= AVAILABLE DATA =
********************
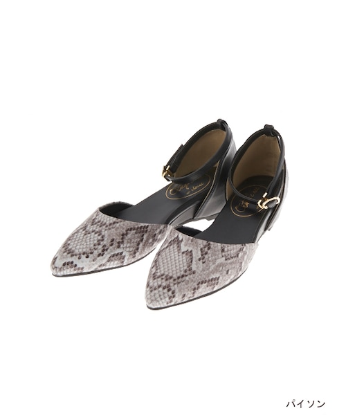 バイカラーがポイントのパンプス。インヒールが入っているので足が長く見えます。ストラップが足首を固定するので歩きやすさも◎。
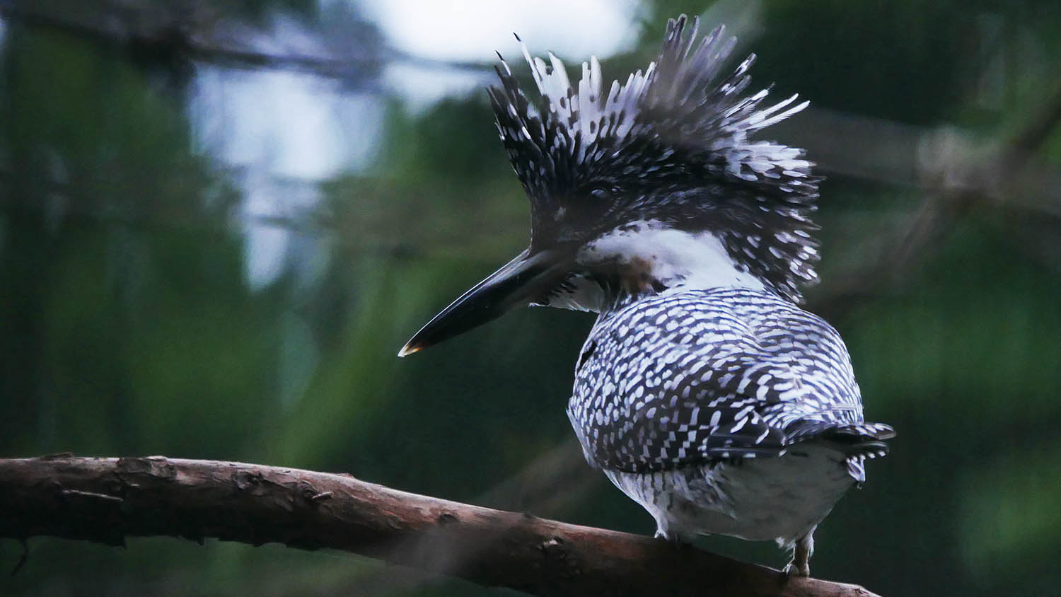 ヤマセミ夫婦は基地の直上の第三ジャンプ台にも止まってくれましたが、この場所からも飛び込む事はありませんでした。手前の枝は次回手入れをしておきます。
********************
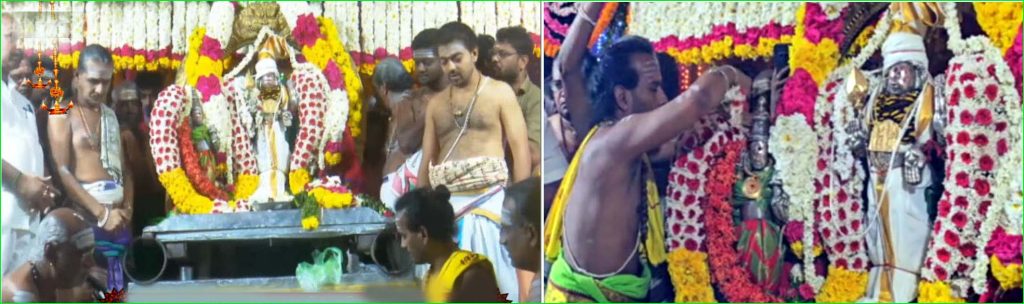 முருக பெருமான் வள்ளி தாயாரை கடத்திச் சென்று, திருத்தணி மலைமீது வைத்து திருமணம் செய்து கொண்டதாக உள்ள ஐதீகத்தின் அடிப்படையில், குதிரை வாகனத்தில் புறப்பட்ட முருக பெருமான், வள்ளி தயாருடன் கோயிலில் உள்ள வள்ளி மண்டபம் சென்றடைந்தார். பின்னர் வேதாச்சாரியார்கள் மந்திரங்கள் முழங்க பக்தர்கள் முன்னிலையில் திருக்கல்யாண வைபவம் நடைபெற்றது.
********************
= ASSIGNED TASK =
In the entries above, find the line with "バイカラーがポイントのパンプ" and the line with "ヤマセミ夫婦は基地の直上の第". Write out exactly those two lines and every line between them, pictures excluded.

= SOLUTION TO THIS EXERCISE =
 バイカラーがポイントのパンプス。インヒールが入っているので足が長く見えます。ストラップが足首を固定するので歩きやすさも◎。
 ヤマセミ夫婦は基地の直上の第三ジャンプ台にも止まってくれましたが、この場所からも飛び込む事はありませんでした。手前の枝は次回手入れをしておきます。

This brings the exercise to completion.